Fabio Scarsato porge al lettore la figura di Francesco d’Assisi. «De toto corpore fecerat linguam», scrive Tommaso da Celano di Francesco: sono queste le parole che per l’Autore riassumono l’esperienza di “faccia a faccia” che il Poverello ha vissuto con Dio. Si tratta di un aspetto che innanzitutto si evidenzia nella grande forza comunicativa del Santo. A tal proposito vengono richiamati alcuni episodi della sua vita, così come alcune sue scelte ed alcuni aspetti della sua personalità e dei suoi gesti. In secondo luogo, questo “faccia a faccia” con Dio è ravvisabile in modo particolare nella sua profonda devozione eucaristica, ossia verso un Dio «guardabile, palpabile, gustabile» (p. 81), che manifesta la centralità del suo carattere “simbolico”, ovvero che mette insieme la realtà divina con quella umana, in rapporto – per così dire – pericoretico. Il volto di Dio si manifesta a Francesco nelle cose create, il quale così manifesta anche il volto di queste, dischiudendo innumerevoli “faccia a faccia” tra esse e l’uomo.

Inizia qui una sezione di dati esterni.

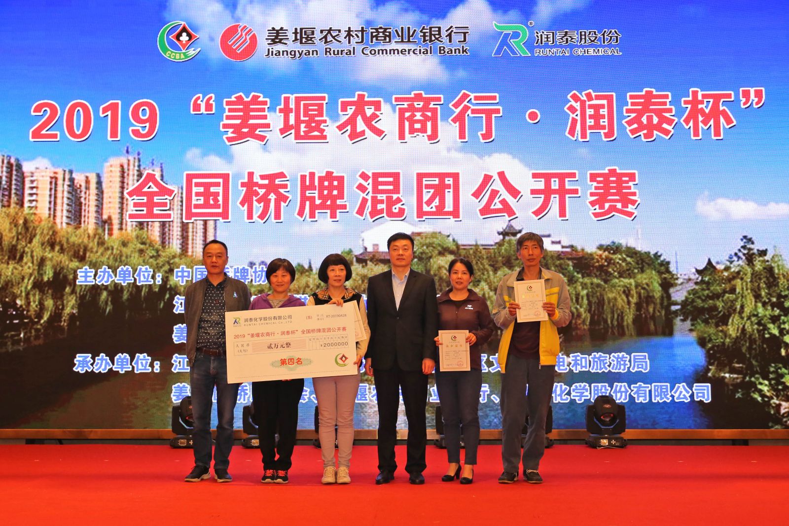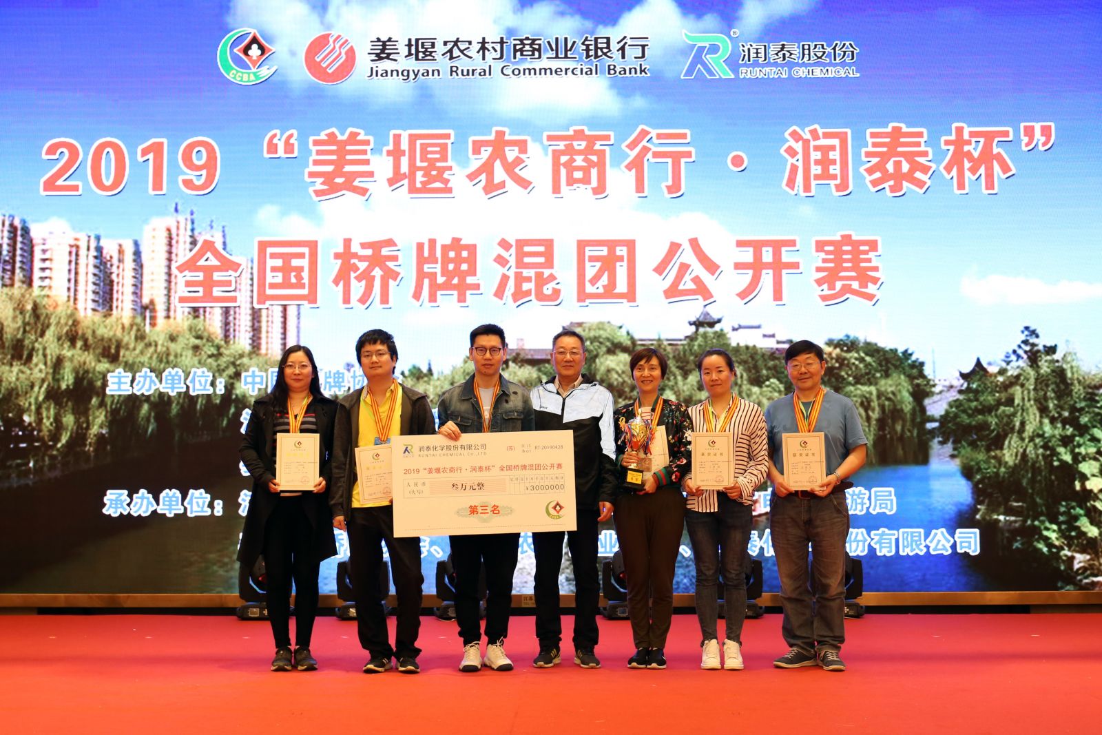 润泰股份讯 经过四天紧张激烈的角逐,2019“姜堰农商行·润泰杯”全国桥牌混团公开赛在大家的热情参与和共同努力下,圆满完成了预定赛程,顺利落下帷幕。

Il Santo si trova così faccia a faccia col volto del lebbroso, del Crocifisso di San Damiano, di Chiara, del lupo, di ogni farabutto, di ogni brigante, di ogni scarto della società, del sultano, di ogni lontano, della luna, del sole, dell’acqua, del fuoco, delle piante, dei fiori, della madre terra, del vento, delle nubi, della storia, degli enigmi della vita, e infine del Serafino sulla Verna.